In probability, an event is essentially a set of outcomes to which we assign a probability. Events in probability can either be simple or compound. A simple event involves one possible outcome, while a compound event involves a combination of outcomes.
For example, in the 'baby survival' scenario, several events are at play:

• Event A: The baby survives.
• Event B: A Cesarean (C) section occurs.
• Event B': A natural birth occurs (no C section).

Understanding these events is crucial, as it forms the basis for computing probabilities and determining their relationships and dependencies with respect to one another. Identifying the correct events helps in applying the right probability techniques to solve problems.

To solve probability problems, it is essential to make use of probability formulas which include conditional probability, multiplication rules, and the addition rule.
The Conditional Probability Formula, for instance, is used to find the likelihood of event A happening given that event B has happened. It is expressed as:\[P(A | B) = \frac{P(A \cap B)}{P(B)}\]
In simpler terms, we calculate the intersection of events A and B (both events happening together) and divide it by the probability of event B occurring. Applying this to our exercise, we aim to find P(A | B'), the probability of the baby surviving when there is no C section. This requires understanding and calculating the individual probabilities before using the formula.

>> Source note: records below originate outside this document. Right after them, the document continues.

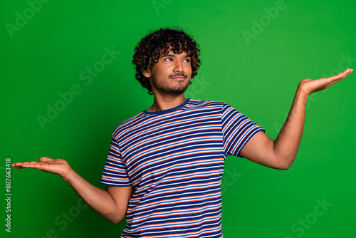 Photo of minded man wear trendy striped clothes demonstrate empty space novelty isolated on green color background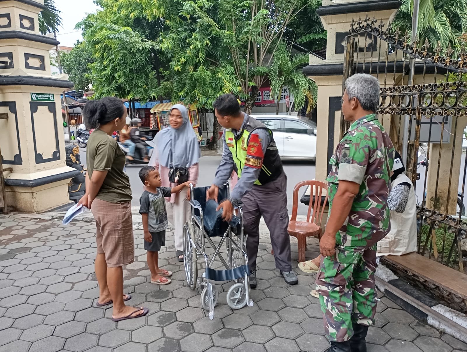 Babinsa, linmas dan anggota sibat pimpinan kelurahan serengan mengusahakan bantuan kursi roda. ini merupakan bagian dari tugasnya sebagai Babinsa untuk selalu dekat dengan masyarakat dan membantu meringankan beban warga yang membutuhkan.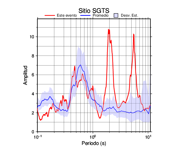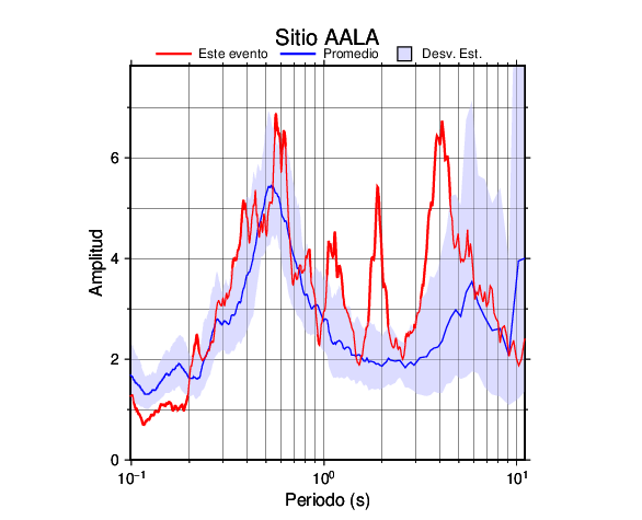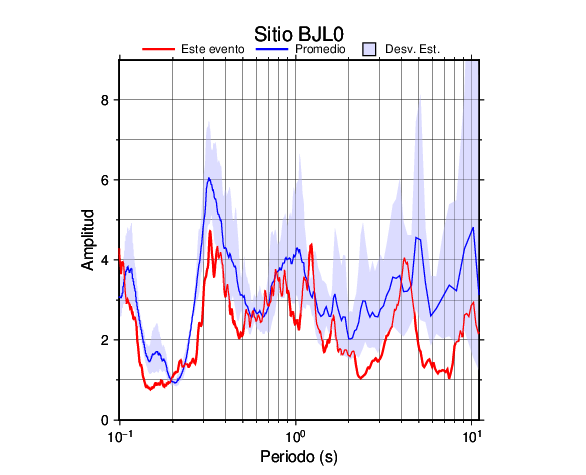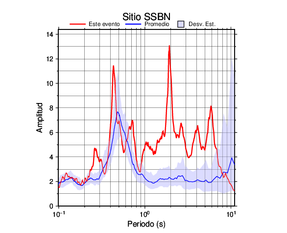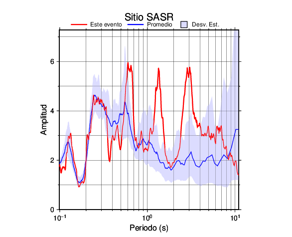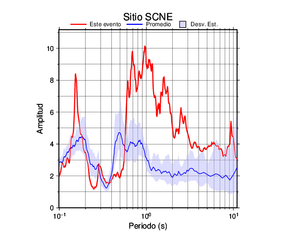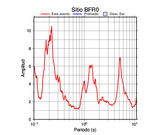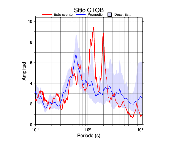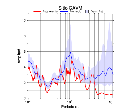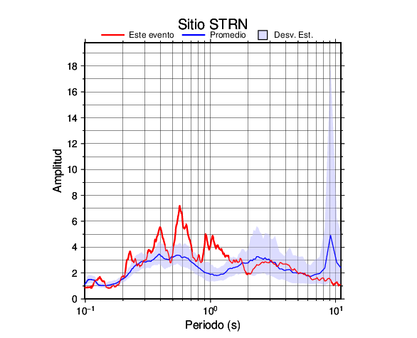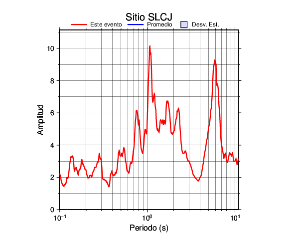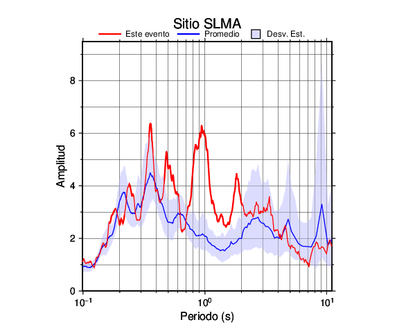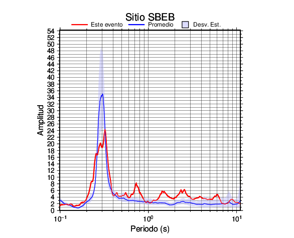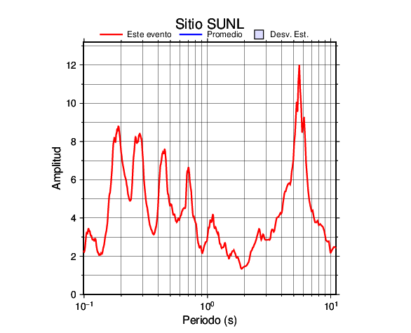 Los resultados que se presentan aquí fueron obtenidos luego de dividir las componentes horizontales entre la componente vertical (conocido como técnica H/V). Se grafica tanto el efecto de sitio del sismo registrado como el valor promedio en cada estación y su correspondiente desviación estándar.
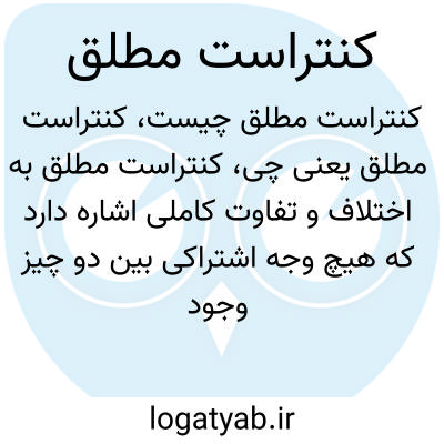 کنتراست مطلق به اختلاف و تفاوت کاملی اشاره دارد که هیچ وجه اشتراکی بین دو چیز وجود ندارد. به بیان ساده، این مفهوم بیانگر تضادی شدید و کامل است که هیچ نقطه مشترکی بین دو طرف وجود ندارد.

Bayes' Theorem is a concept in probability that helps us update our beliefs about the probability of a hypothesis based on new evidence. Although not explicitly required in the exercise, Bayes' Theorem provides a framework for understanding conditional probabilities.
It states:\[P(B | A) = \frac{P(A | B) \cdot P(B)}{P(A)}\]
This formula allows us to find the probability of event B given that event A has happened, using the probability of A given B, the probability of B, and the probability of A. While solving the given exercise does not demand Bayes' Theorem directly, the comprehension of how probabilities update with new information enriches our understanding of conditional probability.

Probability distribution provides a comprehensive picture of all possible outcomes of a random variable and the likelihood of each outcome. It can be discrete, with specific values, or continuous for a range of values.
In real-world scenarios like baby deliveries, we often deal with discrete distributions since we have defined outcomes, such as survival versus non-survival. Calculating distributions involves:

• Listing all possible outcomes.
• Assigning and summing probabilities to ensure they add up to 1.
• Utilizing formulas and theorems to find specific probabilities.

Understanding probability distributions helps us visualize and handle uncertainties effectively, as seen in evaluating baby survival rates under different childbirth methods.